Визи осматривал автомобиль. Он был зачарован им. Он медленно ходил вокруг, изучая шины, бамперы и рессоры. Затем он опустился на четвереньки и заглянул под машину. Он заглянул в кабину, осмотрел приборы и ручку сцепления. Потом он отошел от машины, кивая головой, как бы удовлетворенный тем, что увидел.
Недоумевая, кто это «еще дышат», я сказал егерю:
— Заходите в дом, Лилиан моментом сварит вам кофе и приготовит перекусить. — Ему, несомненно, требовалось позавтракать.
Но он, видимо, не слышал меня. Он стоял сзади машины, открывая кузов.
— Куда вы думаете их поместить? — резко спросил он.
— Кого? — Я в недоумении посмотрел на него.
— Понятия не имеете? Вот, может быть, это объяснит вам, — он бросил мне замусоленный конверт.

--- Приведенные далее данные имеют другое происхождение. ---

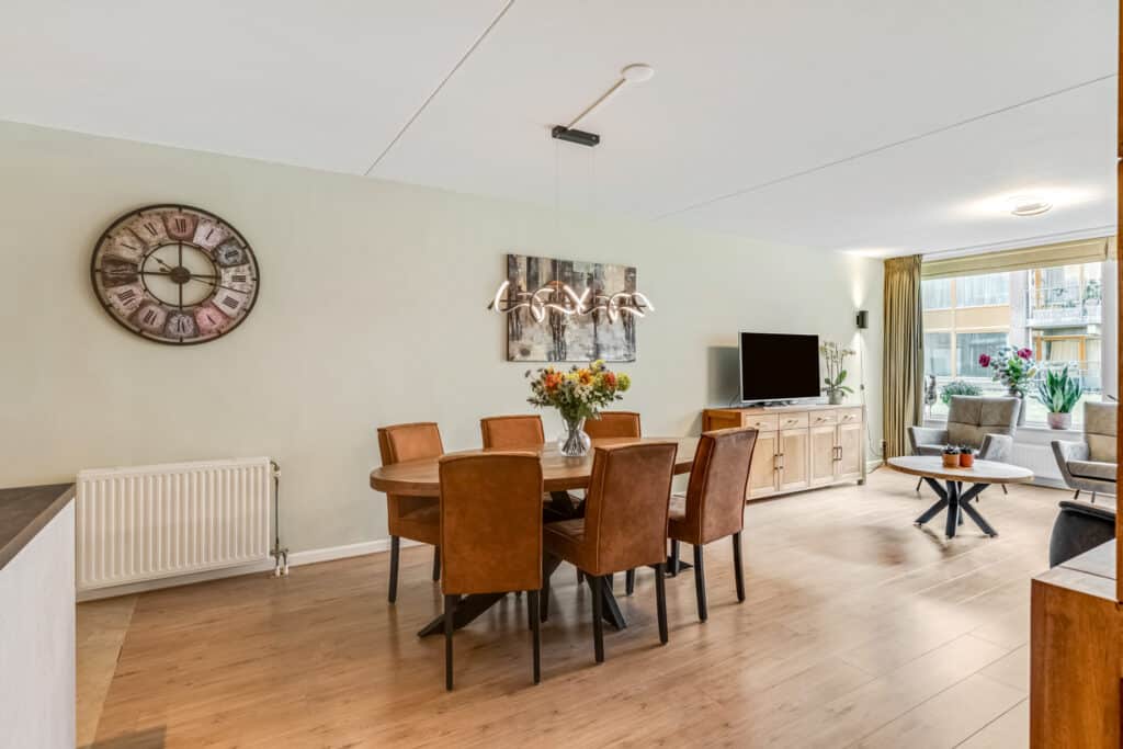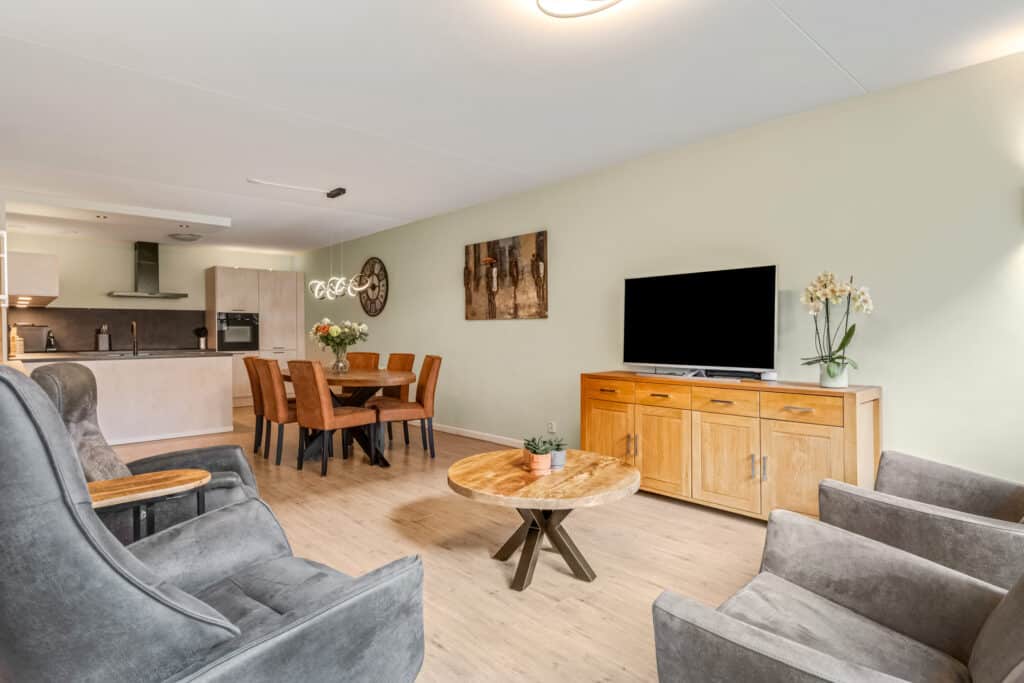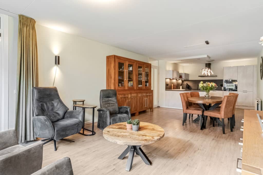 Het woongedeelte is een heerlijke plek om te ontspannen en te genieten van het dagelijks leven. De ruimte is langgerekt, waardoor er gemakkelijk een zit- en eethoek te creëren zijn. Grote ramen zorgen voor veel lichtinval en bieden een prettig zicht naar buiten.

Я вскрыл конверт и вытащил кусок бумаги. Слова прыгали у меня перед глазами, и, только медленно вчитываясь, я, наконец, осознал, в чем дело.
«Берегите их и ухаживайте за ними, как за детьми. Они дороже золота, и, если с ними что-нибудь случится, новых вы от нас не получите».
Больше ничего написано не было. В конце этой записки подпись: «Р. М. Робертсон, охотничья инспекция Британской Колумбии».
Я опустился на бампер машины, пытаясь собраться с мыслями и успокоиться.
— Так это… — начал я неуверенно и замолчал, подыскивая слова и не сводя глаз с открытого кузова машины, — бобры?! — выпалил я, наконец решившись произнести это слово.
— Две пары, — коротко подтвердил егерь. — Отловлены в заповеднике Боурон-Лейк для поселения на ручье Мелдрам.
И чтобы вы знали: заповедник расположен в четырехстах километрах к северу отсюда, и эти бобры уже слишком долго сидят в кузове. Надо их посадить в воду, и, чем скорее, тем лучше. Где вы думаете их выпустить?
Ирригационная плотина была ближайшим и наиболее подходящим местом для поселения бобров. Каждый бобер сидел в отдельном продолговатом жестяном ящике. Мы отнесли их по одному к плотине.
— Одна пара — двухлетки, вторая — трехлетки, — сообщил егерь, открывая подъемные дверцы ящиков.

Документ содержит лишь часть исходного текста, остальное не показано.